- [Task brief]: Set down the data again exactly. Pictures are not part of the copy.

- [Input data]:
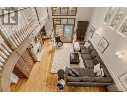 This is the kind of home people wait years for-quietly set along one of Hamilton's most distinguished streets, set on an oversized, double-width lot and framed by an exceptional natural backdrop. With the Royal Botanical Gardens quite literally at your doorstep, you're surrounded by lush forest, winding trails, and the beauty of Cootes Paradise just moments away.The home itself strikes a rare balance between character and contemporary comfort.Original details have been preserved and elevated, while thoughtful renovations have introduced a striking layout designed for modern living.At the centre of it all is a beautifully appointed kitchen with granite finishes, effortlessly connecting to an expansive family room where the dramatic ceiling height and curved wall creates a true sense of space and light.The main living areas feel both refined and welcoming, with detailed millwork, rich hardwood floors, and a statement fireplace anchoring the space.One of the home's most distinctive touches is the elevated library-an architectural feature that adds both character and function, overlooking the family room below.Upstairs, the bedrooms are generously proportioned and filled with natural light.The primary suite offers a walk-through w/i closet that opens to a spa-like ensuite, making everyday living feel effortless.The lower level has been fully finished with versatility in mind, offering an entertainment lounge, additional bedroom, full bathroom with in-floor heating, and a separate exercise area-ideal for growing families or hosting guests.Parking is never a concern here, with a wide driveway accommodating multiple vehicles in addition to a dble garage.All of this is set within the vibrant Westdale community, where excellent schools, McMaster University, and a charming village filled with cafés, dining spots, and everyday amenities,all within walking distance.It's a lifestyle location that's as connected as it is serene.Some photos virtually enhanced. Luxury Certified (id:61594)
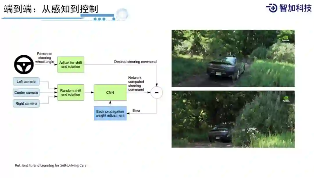 16年的时候,英伟达研究了end to end神经网络,左侧输入左中右三个Camera的image,直接通过CNN输出转向的指令。如demo截图中,测试人员把手伸出了天窗,表示他没有操控车辆,然后车辆自动实现转向。不过这种方式存在2个隐患:
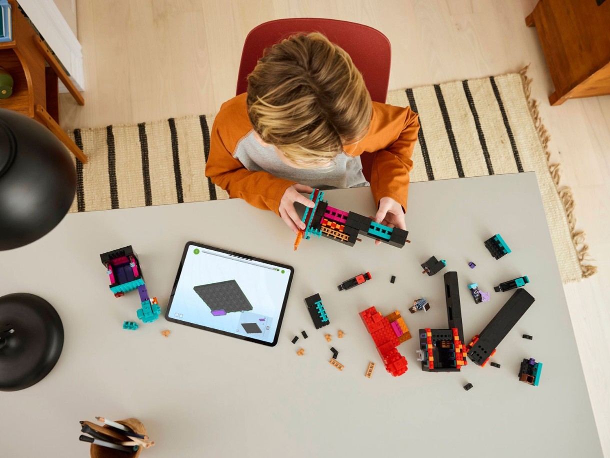 • O caracteristică unică a modelului este capacitatea de a se transforma în două fortărețe codificate prin culori, ceea ce este ideal pentru organizarea de bătălii PvP (jucător contra jucător). Setul complet este format din 867 de piese, permițându-vă să creați o scenă de joc multifuncțională cu multe oportunități de creativitate și aventură în lumea Minecraft.

- [The answer]:
 This is the kind of home people wait years for-quietly set along one of Hamilton's most distinguished streets, set on an oversized, double-width lot and framed by an exceptional natural backdrop. With the Royal Botanical Gardens quite literally at your doorstep, you're surrounded by lush forest, winding trails, and the beauty of Cootes Paradise just moments away.The home itself strikes a rare balance between character and contemporary comfort.Original details have been preserved and elevated, while thoughtful renovations have introduced a striking layout designed for modern living.At the centre of it all is a beautifully appointed kitchen with granite finishes, effortlessly connecting to an expansive family room where the dramatic ceiling height and curved wall creates a true sense of space and light.The main living areas feel both refined and welcoming, with detailed millwork, rich hardwood floors, and a statement fireplace anchoring the space.One of the home's most distinctive touches is the elevated library-an architectural feature that adds both character and function, overlooking the family room below.Upstairs, the bedrooms are generously proportioned and filled with natural light.The primary suite offers a walk-through w/i closet that opens to a spa-like ensuite, making everyday living feel effortless.The lower level has been fully finished with versatility in mind, offering an entertainment lounge, additional bedroom, full bathroom with in-floor heating, and a separate exercise area-ideal for growing families or hosting guests.Parking is never a concern here, with a wide driveway accommodating multiple vehicles in addition to a dble garage.All of this is set within the vibrant Westdale community, where excellent schools, McMaster University, and a charming village filled with cafés, dining spots, and everyday amenities,all within walking distance.It's a lifestyle location that's as connected as it is serene.Some photos virtually enhanced. Luxury Certified (id:61594)
 16年的时候,英伟达研究了end to end神经网络,左侧输入左中右三个Camera的image,直接通过CNN输出转向的指令。如demo截图中,测试人员把手伸出了天窗,表示他没有操控车辆,然后车辆自动实现转向。不过这种方式存在2个隐患:
 • O caracteristică unică a modelului este capacitatea de a se transforma în două fortărețe codificate prin culori, ceea ce este ideal pentru organizarea de bătălii PvP (jucător contra jucător). Setul complet este format din 867 de piese, permițându-vă să creați o scenă de joc multifuncțională cu multe oportunități de creativitate și aventură în lumea Minecraft.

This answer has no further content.